Он в ответ лишь прикрыл глаза.

* * *

– Спаси вас Бог, добрая барыня, спаси вас Бог, – кинулся к Анне с поклоном дежуривший у дверей Ферапонт. – Каженный день теперь за вас буду Богу молиться, каженный день…

– За барина своего молитесь, – ответила старому камердинеру Турчанинова и долгим взглядом посмотрела на Андрея. – Где мы сможем поговорить?
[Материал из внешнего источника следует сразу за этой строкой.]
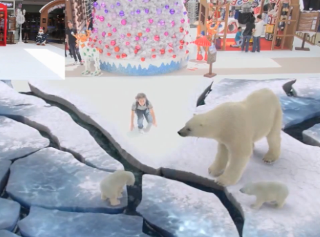 There are about 10 photo and video sections within a 3,500 sq. ft. space in the shopping mall, each with its own unique feature, but the most awesome one it seems, is the one where you look like you’re standing on a cracking glacier, surrounded by moving polar bears. There are even sound effects to make you feel like you’re really in the Arctic.

– В гостиной, в моем кабинете, где пожелаете, – с готовностью произнес тот.

– И за барина буду молиться, и за вас, – продолжал бормотать Ферапонт, кланяясь.

– Пройдемте к вам, – кивнув камердинеру, сказала Анна.

Когда вошли в кабинет, Анна, отмахнувшись от предложения Андрея «располагаться», не стала присаживаться и сразу сказала:

– Положение вашего отца очень и очень скверное. Может статься, его лечение займет весьма длительное время, и еще не факт, что мне удастся поставить его на ноги.

– Но ведь вам удалось сделать так, что он стал двигаться и говорить! – с надеждой воскликнул Андрей.

– Это было несложно, потому что я обладаю определенными и весьма действенными практиками и у меня есть свой метод, – туманно ответила Турчанинова. – К тому же это было не лечение, а простой осмотр. А лечение вашего батюшки сможет иметь положительные результаты лишь в том случае, если будет устранена причина его заболевания.

После недолгой паузы она добавила:

– Вы говорили, что карточный долг есть долг чести?

– Именно так.

– Теперь у вас другой долг чести. Вы должны вернуть книгу. Только тогда причина болезни вашего батюшки будет устранена. Тогда проще будет справиться с ее последствиями. Вы поняли меня? – спросила она почти так же требовательно, как до того спросил Нелидова его отец.

– Понял, – ответил Андрей.

– Хорошо, – смягчилась Анна Александровна. – Я приду завтра. В это же время. Не провожайте меня, я помню, где выход.

Глава четвертая

О том, как у христенековского лакея собственный зуб оказался в собственной же ладошке, и о том, что не следует бить полициантов, когда они честно исправляют свои обязанности. – Домашний арест – наказание не из тяжелых, но все же наказание. – Секретное поручение лакею Семке. – Как свезло горничной Лизке, или любиться три раза кряду может не всякий. – Новый визит лекарки.

– Никого пускать не велено, – как показалось Андрею, с усмешечкой произнес лакей. – Иван Моисеевич ноне никого не принимают и велели сказать, что…

На сей раз лакей отлетел после удара Нелидова сажени на три.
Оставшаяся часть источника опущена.